## Exercise directions
Please repeat the data exactly. Any picture in it stays out.

## Supplied material

□ □ □ □

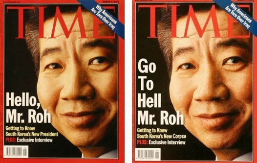 원래 노무현 전 대통령의 표지 사진에는 "Hello, Mr.Roh" "Getting to Know South Korea's New President"라는 카피 문구가 쓰여 있었으나, '캐리돌뉴스'에 등장한 표지 사진에는 "Go To Hell Mr.Roh(지옥에 가라 미스터 노)" "New Corpse(새로운 시체)"라는 장난글이 게재돼 있었다. -
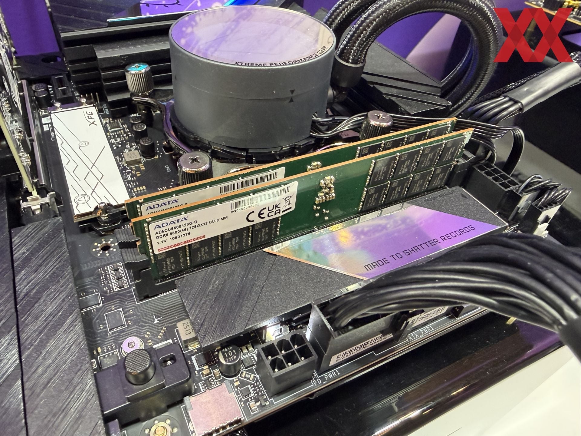 A Gigabyte háza táján a Z890 AORUS Tachyon speciális változatában mutatták be a 128 GB-os 4-rank DDR5 CUDIMM memóriamodulokat, amelyekből kettő fér el a deszkán, hála a két memóriafoglalat alkalmazásának. A 256 GB-nyi rendszermemória DDR5-7200 MT/s sebességgel ketyegett, teljesen stabilan.
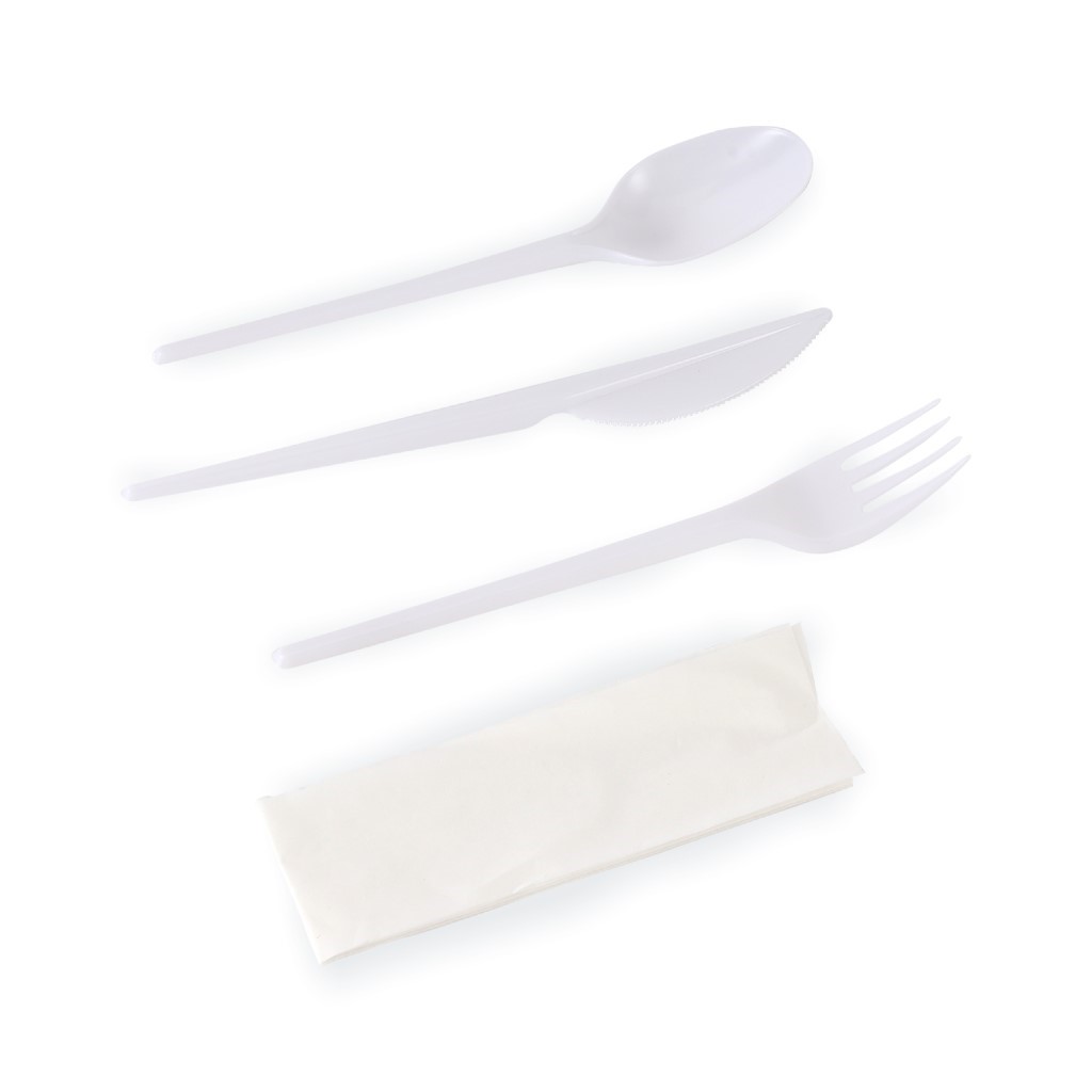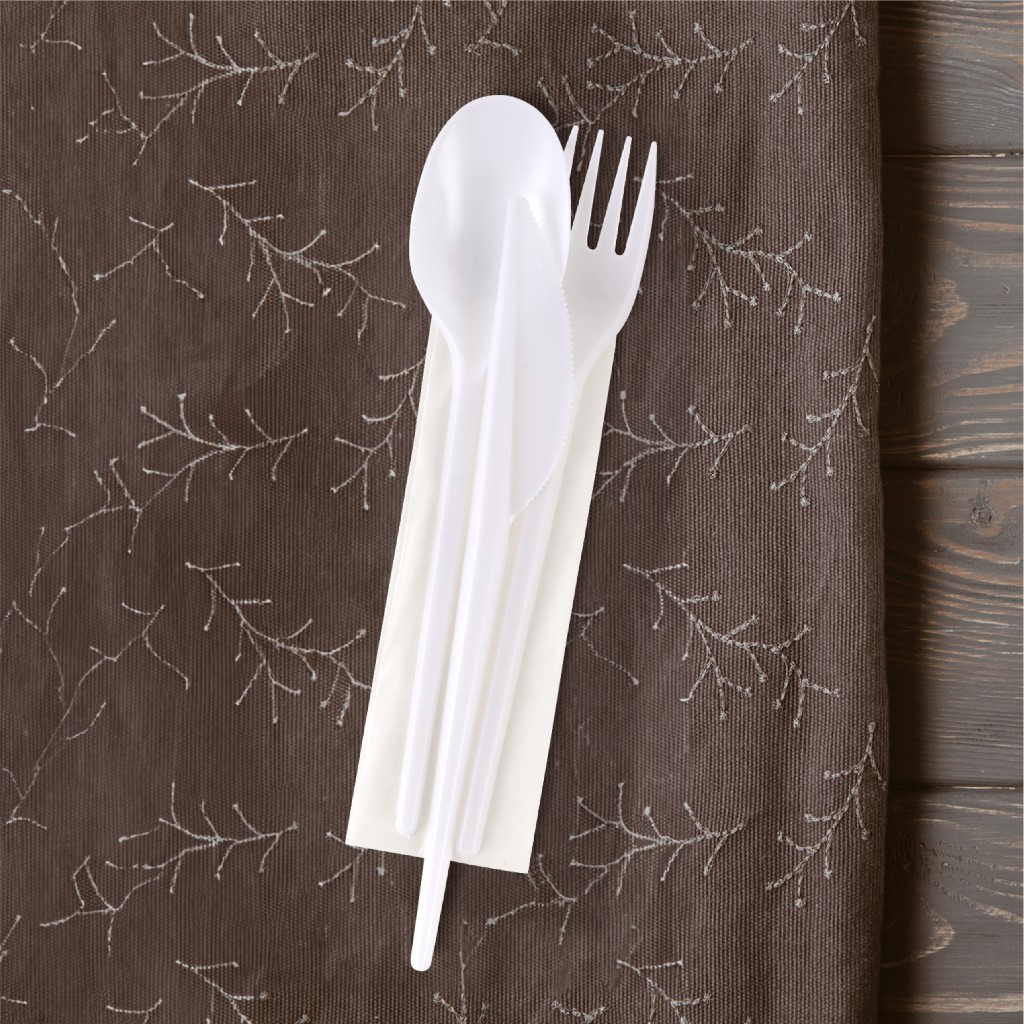 Experience seamless and enjoyable dining. Offering a high-quality design, the Packwell plastic 4-in-1 cutlery set offers exceptional durability and functionality for various needs. Made from premium-quality, BPA-free, and food-grade materials, this plastic cutlery set is safe and hygienic. The plastic set includes a spoon, fork, knife, and napkin. Each set weighs only 2.3 grams, making them light in weight, convenient to use, and large enough to hold a reasonable amount of food. The set has everything you need for a complete dining experience and is commonly used for packing, takeout, catering, large gatherings, etc. The spoon, knife, and fork have a comfortable and sturdy construction, which allows you to scoop, cut, and hold food easily. Additionally, the napkin is suitable for cleanliness. This pack contains 500 sets, so you’ll have enough to meet your needs. This plastic cutlery set is constructed of high-quality BPA-free and food-grade materials, ensuring your safety and prioritising your health. With its anti-bacterial and anti-fungal properties, food will remain fresh and free of bacterial or fungal growth. The cutlery set is also odour-proof at any temperature and does not absorb or retain odour from the food it holds. Their simple yet ergonomic design provides comfort. After use, dispose of the set responsibly. Made from the highest-quality materials, these plastic cutlery sets are a versatile and reliable investment for all your needs.

□ □ □ □

## Reply to the exercise
 원래 노무현 전 대통령의 표지 사진에는 "Hello, Mr.Roh" "Getting to Know South Korea's New President"라는 카피 문구가 쓰여 있었으나, '캐리돌뉴스'에 등장한 표지 사진에는 "Go To Hell Mr.Roh(지옥에 가라 미스터 노)" "New Corpse(새로운 시체)"라는 장난글이 게재돼 있었다. -
 A Gigabyte háza táján a Z890 AORUS Tachyon speciális változatában mutatták be a 128 GB-os 4-rank DDR5 CUDIMM memóriamodulokat, amelyekből kettő fér el a deszkán, hála a két memóriafoglalat alkalmazásának. A 256 GB-nyi rendszermemória DDR5-7200 MT/s sebességgel ketyegett, teljesen stabilan.
 Experience seamless and enjoyable dining. Offering a high-quality design, the Packwell plastic 4-in-1 cutlery set offers exceptional durability and functionality for various needs. Made from premium-quality, BPA-free, and food-grade materials, this plastic cutlery set is safe and hygienic. The plastic set includes a spoon, fork, knife, and napkin. Each set weighs only 2.3 grams, making them light in weight, convenient to use, and large enough to hold a reasonable amount of food. The set has everything you need for a complete dining experience and is commonly used for packing, takeout, catering, large gatherings, etc. The spoon, knife, and fork have a comfortable and sturdy construction, which allows you to scoop, cut, and hold food easily. Additionally, the napkin is suitable for cleanliness. This pack contains 500 sets, so you’ll have enough to meet your needs. This plastic cutlery set is constructed of high-quality BPA-free and food-grade materials, ensuring your safety and prioritising your health. With its anti-bacterial and anti-fungal properties, food will remain fresh and free of bacterial or fungal growth. The cutlery set is also odour-proof at any temperature and does not absorb or retain odour from the food it holds. Their simple yet ergonomic design provides comfort. After use, dispose of the set responsibly. Made from the highest-quality materials, these plastic cutlery sets are a versatile and reliable investment for all your needs.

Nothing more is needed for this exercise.